BRITAIN will become 68% more pleasant as the Edinburgh Fringe draws in the country’s pathologically self-absorbed bastards for the next three weeks.
As the rest of the country enjoys a well-earned break, the Scottish capital will once again be awash with sixth-form poetry, half-baked political idealism and post-modern reworkings of the A-Team as a feminist statement about pubes.
Sociologist Charlie Reeves said: “The Edinburgh Fringe has become a sort of ‘gobshite kettling’, a way of temporarily containing viciously self-confident Oxbridge graduates who are nowhere near as talented as they think they are but will still end up getting 500 grand a year from the BBC.”
He added: “If only the Metropolitan Police were there to batter them all with sticks.”
Stephen Malley, an accountant from Finsbury Park, said: “It’s already a lot more pleasant around here. I’ve been to the park, done a bit of shopping, stopped for a pint and not once have I been forced to listen to a bunch of tits talking shit.”

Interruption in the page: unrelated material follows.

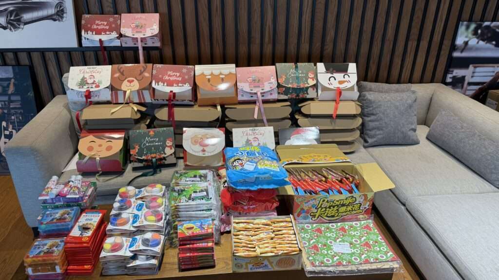 耶誕禮盒愛心活動 2025-11-25 在太古集團慈善信託基金(太古基金)的支持與推動下,今年舉辦”Boxful of Love”耶誕愛心活動,透過禮盒募集,用滿滿的愛與行動,為忠義育幼院的孩子送上節日的溫暖與祝福。更在11月20日舉辦「愛心大使日」,由同仁親手包裝75盒裝滿玩具、文具與生活用品耶誕禮盒,並撰寫祝福卡片,化身「愛心大使」,將節慶的溫暖與祝福親手傳遞給孩子們,串聯城市每一份愛心,讓孩童在成長的路上感受到力量與希望。

Meanwhile Bill McKay, a 55-year-old Edinburgh resident, said: “I’ve had 40 years of arrogant teenagers rewriting Shakespeare, ‘political jugglers’ and comedians calling their show ‘Cheese Badger’.
“At my local we’ve cleared a space in the cellar so if one of them wanders in accidentally we open the hatch, chuck them down the steps and leave them to the pit bulls.”
He added: “It’s called A Million Tears for Rosalita, venue 65, £7.50 at the door, £6 concessions.”